I came across your site looking for block detection to trigger crossing signals. I am new to arduino trying to get this to work. I am dissatisfied with IR sensors. Could you send me the completed sketch? Also I have a double loop track. Could I wire 2 block detectors into one arduino mini to control one set of signals (so a train passing on either track will turn on lights)? Thanks for your help and insights. I am ordering the acs712s and have mostly sound locos in HO so don’t think sensing will be a problem.
Hi Dave,
I have uploaded a demo sketch to my new github repository. Go to https://github.com/rpsimonds/thenscaler/tree/Current-Sensing and download acs712.ino.
Can you do more than one sensor? Yes. You can run as many sensors as you have analog pins available to connect to, and any of them could actuate your signals.
I suggest you start with one sensor and this demonstration sketch. Observe the serial output and make sure it is behaving as you expect. Then, modify the sketch so that instead of outputting a serial message about detection have it actuate your signals. When you have it working satisfactorily, you can expand to an additional sensor fairly easily.
Best, Robin
Hi – how would this go with current sensing on a DC PWM layout ? How does it go with different polarity signals on DC ?
Hi Brant,
The ACS712 is a bi-polar sensing device, so it will produce a signal at either polarity. It will work with DC PWM, DC, AND DCC. Pretty much anything.
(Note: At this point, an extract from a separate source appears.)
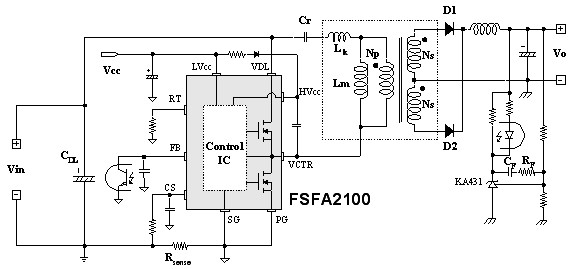 圖3:基于FSFA2100的非對(duì)稱半橋轉(zhuǎn)換器

The big limitation of the ACS712 is that sensitivity is limited to 20 mA; that is not enough sensitivity to detect an idle locomotive or resistor-wheels.
It turns out that you can use CT Coils with DC PWM. CT Coils are generally used with fully alternating current, but they also work with single polarity PWM signals. See Current Sensing and Occupancy Detection for DCC for more info about CT Coils. I’ve achieved 100 microAmp detection thresholds with CT coils. That is seriously sensitive!
With DC PWM, you’ll get the best results using CT Coils instead of the ACS712.
Best,
Rob
Hi Rob
Have you tried using the ACS712 to control signals? I’m in the U.K. and want to build a sequencer to operate 3 aspect signals but I can’t use IR on my garden railway, therefore current sensing seems a logical solution. Unfortunately, I know nothing about electronics! Cheers Mike
Hi Mike,
Yes, you can use the ACS712 sensors to control signals. Once you master using the sensors to determine whether or not a block is occupied, you can implement signalling fairly easily. Here are some posts that may help: Basic Signaling for a Small Layout, Adding Signals to the Test Loop and Adding Signals to the Test Loop, Part 2.
Also, look at this post on CT sensors: Current Sensing and Occupancy Detection for DCC.
Best, Rob
Parts of the sketch are cut off on the right side. Can you send the entire sketch so that the cut off parts are visable
Does this help:
// Advanced Sensing with ASC712
// Using Calibration to find sensor 0
// then sensing by compiling multiple readings to obtain an RMS (Root Mean Square).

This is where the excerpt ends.